71'de Fenerbahçe orta sahası tamamen değişti. Gustavo-Ozan-İrfan-Ferdi birlikte sahadalardı. Pelkas ve Valencia'nın da forvet tandaslı santrfor orijinli oyuncular olmadıklarını düşündüğümüzde, Bulut ev sahibinin dominant oyununu değiştirmek adına 4-6-0'a döndü. Ancak Erol hoca ne yaparsa yapsın bu baskıyı isteği yöne kıramadı. Pelkas'ın sakatlığıyla Samatta oyuna girince sarı lacivertliler bu sefer 4-5-1 sistemine evrildiler. Altay hiç konsantresini bozmadan oynamaya devam ederken, Jevtovic bir ofsayt golü ve müthiş bir şutla Fenerbahçe seyircisine ecel terleri döktürdü. Bu arada Samatta gol orucuna istikrarlı bir şekilde devam etti. Sonlara doğru İrfan Can’ın asistinde sağ çaprazla Samatta topun dibine girmek yerine Sehiç’in üzerine vurunca farkın üçe çıkmasını engelledi.
Gecenin Notu: İhtiyar delikanlılar, Gökhan ve Sosa, iyi mücadele ettiler.

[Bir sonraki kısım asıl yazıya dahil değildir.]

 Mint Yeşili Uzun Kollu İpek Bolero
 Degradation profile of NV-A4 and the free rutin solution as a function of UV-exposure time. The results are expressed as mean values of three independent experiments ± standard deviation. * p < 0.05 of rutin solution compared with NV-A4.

Gökhan’a, Sosa’ya göre fazladan bir kaç artı puan yazmak gerekli. İlk perdede ofansda, kikinci perde de defansda yaşına göre çok iyi işler yaptı. Osayi rüzgarın oğlu misali bir esip bir gürledi ik golünü atarken, Attila da hem attığı gol hem de girdiği kademelerle “buz adam” rolüyle serin kanlı oynadı her maçta oynadığı gibi. Fenerbahçe’nin ilk devredeki futbolu son maçın son saniyesine kadar şampiyonluğu kovalar. Fakat ikinci yarıdaki oyunsa sarı lacivertlilere hiç ummadıkları anda lige havlu attırabilir.